I use this implementation in this package https://pub.dev/packages/essential_rest

Static extension methods cannot change the shape of the object, so it cannot add more storage slots.

What you can already do is to use an Expando.

extension TotalRecords on List {
  static final _totalRecords = Expando<int>();
  int get totalRecords => _totalRecords[this];
  set totalRecords(int value) {
    _totalRecords[this] = value;
  }
}

Expandos don't work on strings, numbers, booleans or null, but they should be fine for lists.

You won't be able to use extension methods to avoid the custom class, though. Since List already has an [] operator, you cannot override that with an extension method.

@eernstg , re "Base.method()", what is the rational for not supporting it?

The rationale was that the affordances of the on type selection did not match well with acting like a real static method.
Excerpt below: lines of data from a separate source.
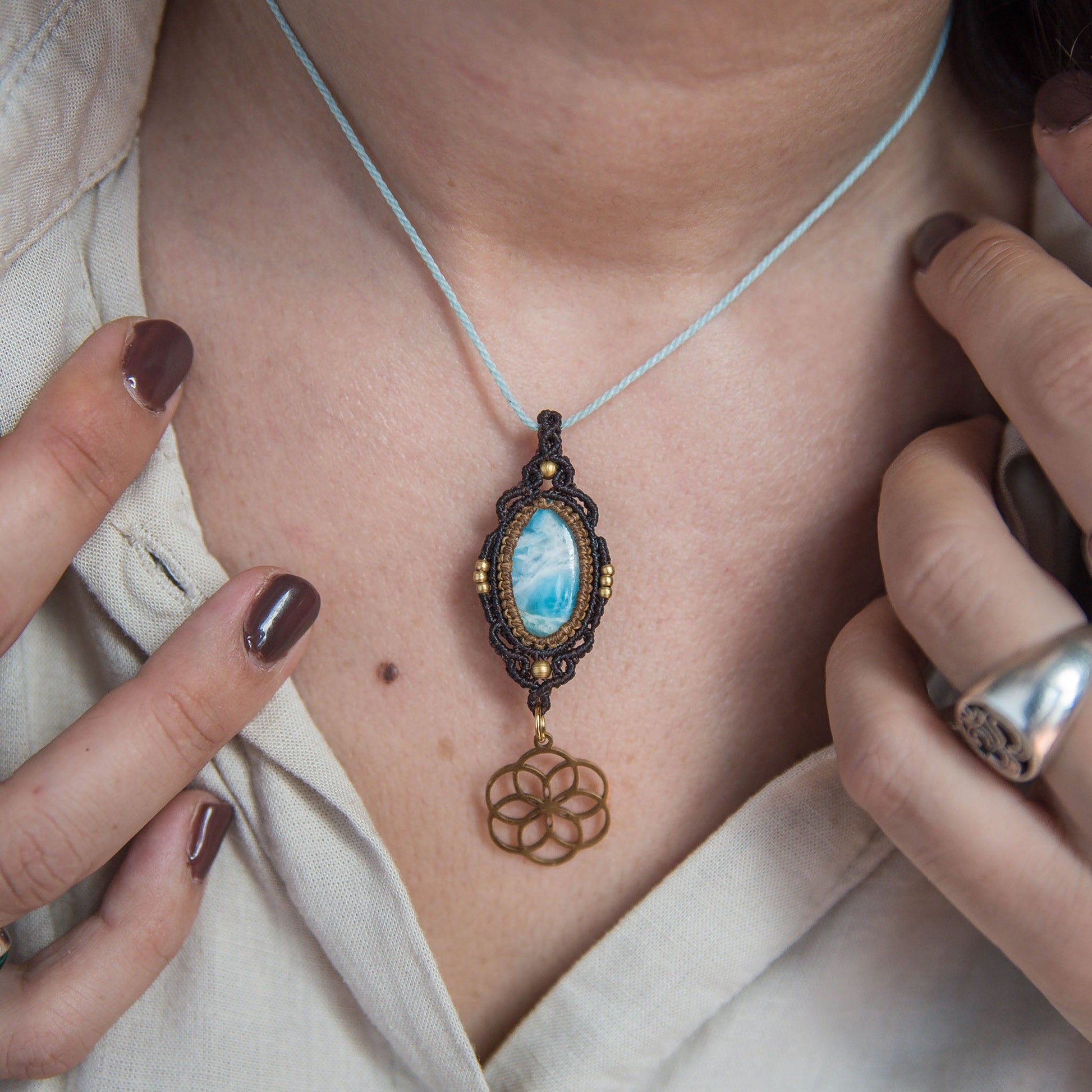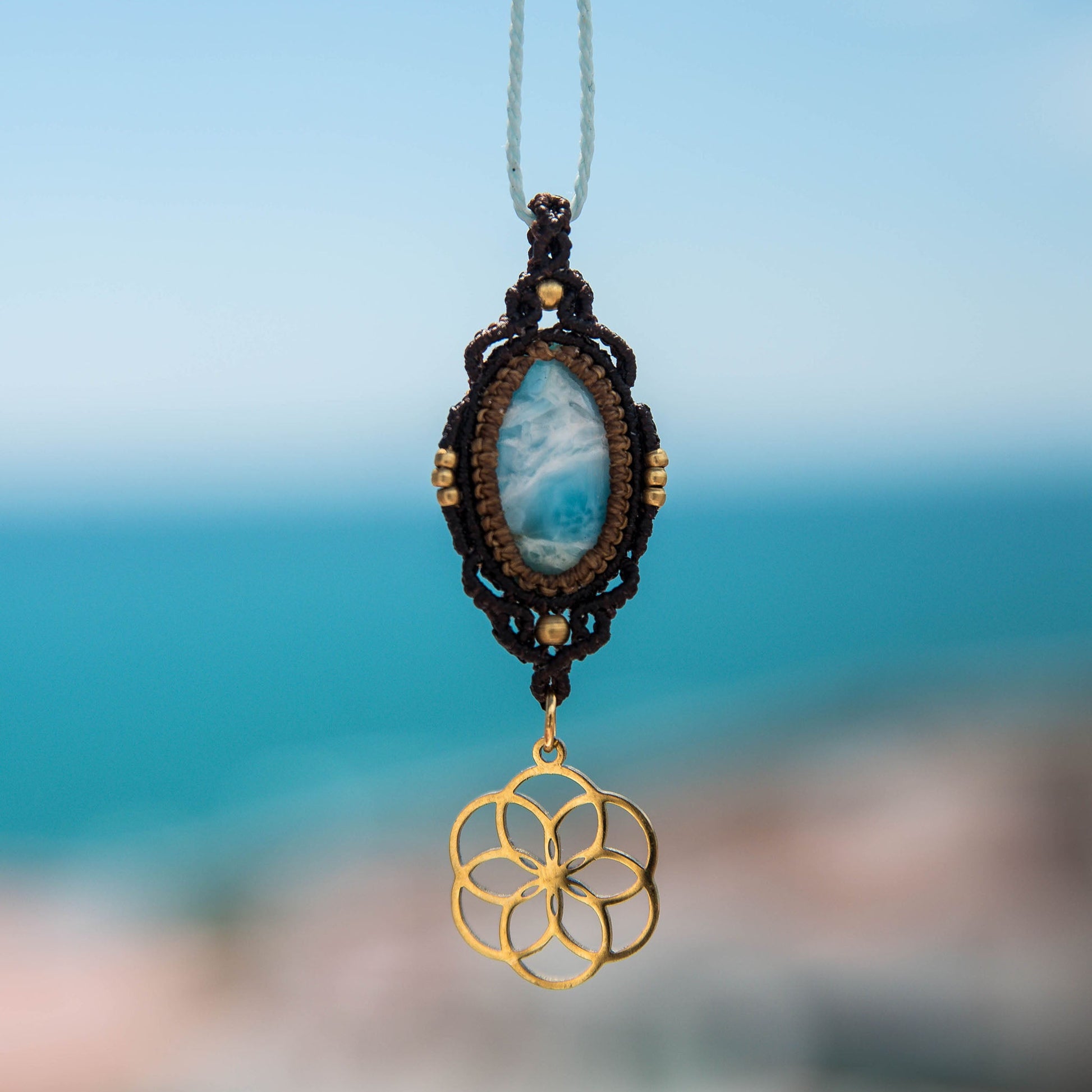 Collar con Larimar tejido en tonos marrones y azul cielo con detalles de latón y encanto de Mandala de acero inoxidable dorado.
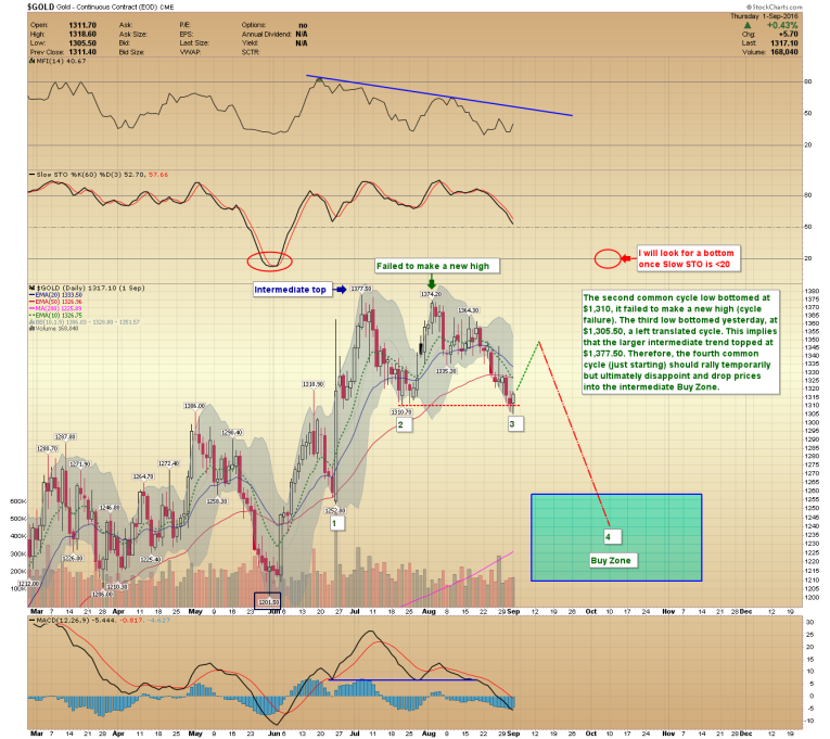 The second common cycle low bottomed at $1,310; it failed to make a new high (cycle failure). The third low bottomed yesterday, at $1,305.50, a left translated cycle. This implies that the larger intermediate trend topped at $1,377.50. Therefore, the fourth common cycle (just starting) should rally temporarily but ultimately disappoint and drop prices into the intermediate Buy Zone.
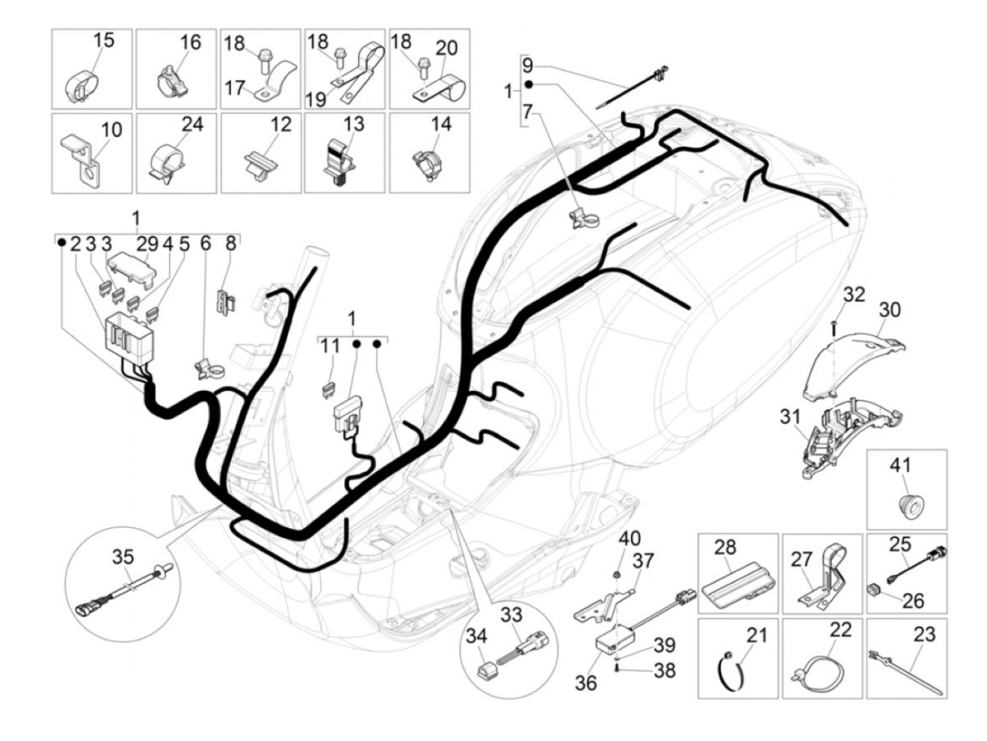 Bevestigingsklem kabelboom -PIAGGIO- Vespa Primavera 125 (ZAPM81100, ZAPM81101, ZAPMA1100, RP8M82500, RP8M82821, RP8M82100, RP8M82310, ZAPMA1101, ZAPMD1100), Vespa Primavera 150 (ZAPM81200, ZAPMA1200, ZAPM81201, ZAPMA1201, ZAPMD120), Vespa Primavera 50
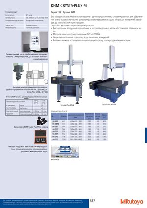 КИМ CRYSTA-PLUS M Спецификация Серия 196 - Ручные КИМ Разрешение 0,5 мкмПогрешностьE0, MPE от: (3+0,4L/100) мкмНаправляющая системаВоздушный подшипникЭто координатная измерительная машина с ручным управлением, спроектированная для обеспече‐ния очень высокой точности в широком диапазоне решаемых задач, от простых измерений разме‐ ров до комплексной оценки формы. Зажим оси Пневмозажим Crysta-Plus M имеет следующие преимущества: Микроподача Полный диапазон • Высокоточные воздушные подшипники и легкие движущиеся части обеспечивают плавность хо‐ да. • Мощное и высокопроизводительное ПО MCOSMOS. • Непрерывная плавная подача на всем диапазоне измерений. • Вы также можете использовать опциональную систему температурной компенсации. Пневматический зажим, срабатывающий по одному нажатию, с микропередачей для быстрого и легкого позиционирования Эргономичное подпружиненное кольцо для удобного управления пинолью по оси Z (только для Crysta-Plus M776 и M7106) Точность КИМ указана для следующих условий окружающей среды*: Температурный диапазон 19°C - 15°C - 21°C 30°CИзменениеза час-2.0 K Crysta-Plus M574 Crysta-Plus M7106 температуры за 24 часа - 5.0 K Температурный вертикальный 0.5 K/м 1.0 K/м Модели Crysta-Plus M: градиент горизонтальный 0.5 K/м 1.0 K/м № Модель Диапазон измерений[мм] Возможнаянагрузка[кг]Высотадетали[мм]Масса,[кг] 196-683 443 400 x 400 x 300 180 480 410 196-684D 443 400 x 400 x 300 180 480 410 Брошюра на КИМ Crysta-Plus M по запросу 196-591 544 500 x 400 x 400 180 590 512 196-592 544 500 x 400 x 400 180 590 512 196-596 574 500 x 700 x 400 180 590 646 196-597 574 500 x 700 x 400 180 590 646 196-342 776 700 x 700 x 600 500 800 1560 196-352 7106 700 x 1000 x 600 800 800 1800 Mitutoyo предлагает Вам более 600 видов щупов плюс специализированное оборудование для различных измерительных задач. MCOSMOS Все продукты предназначены для продажи коммерческим клиентам. Иллюстрации продуктов приведены без каких-либо обязательств.Описания продукции, в частности технические спецификации, соответствуют действительным только при предварительном подтверждении. По567 рекомендуемым розничным ценам, пожалуйста, обратитесь к отдельному прайс-листу.

You can write extension on List<int>, but you cannot write List<int>.staticMethod, so it's unclear whether a static extension static method declared in that extension would apply to List.staticMethod, or to nothing.

An extension, as currently defined by the language, is defined on a type. A static method is defined on a class (or mixin) declaration. For generic classes (or mixins), those are very different things. Some types have no corresponding class at all, some do. There was no clear an easy way to extend the static instance member functionality to also add static members to types, and there was no clear and easy way to restrict the declaration to extensions on "classes" because there is no such thing.

Agreeing with @lrhn that a type and a namespace are very different things, I'd just add that a feature for scoped injection of declarations into namespaces (e.g., adding static methods, class variables, factory constructors to a class) should probably be a completely separate construct. It might turn out to be useful with classes, import prefixes, and other targets, and it might involve regular declarations as well as declaration aliases. So it's basically a whole new design process rather than a twist on static extension methods.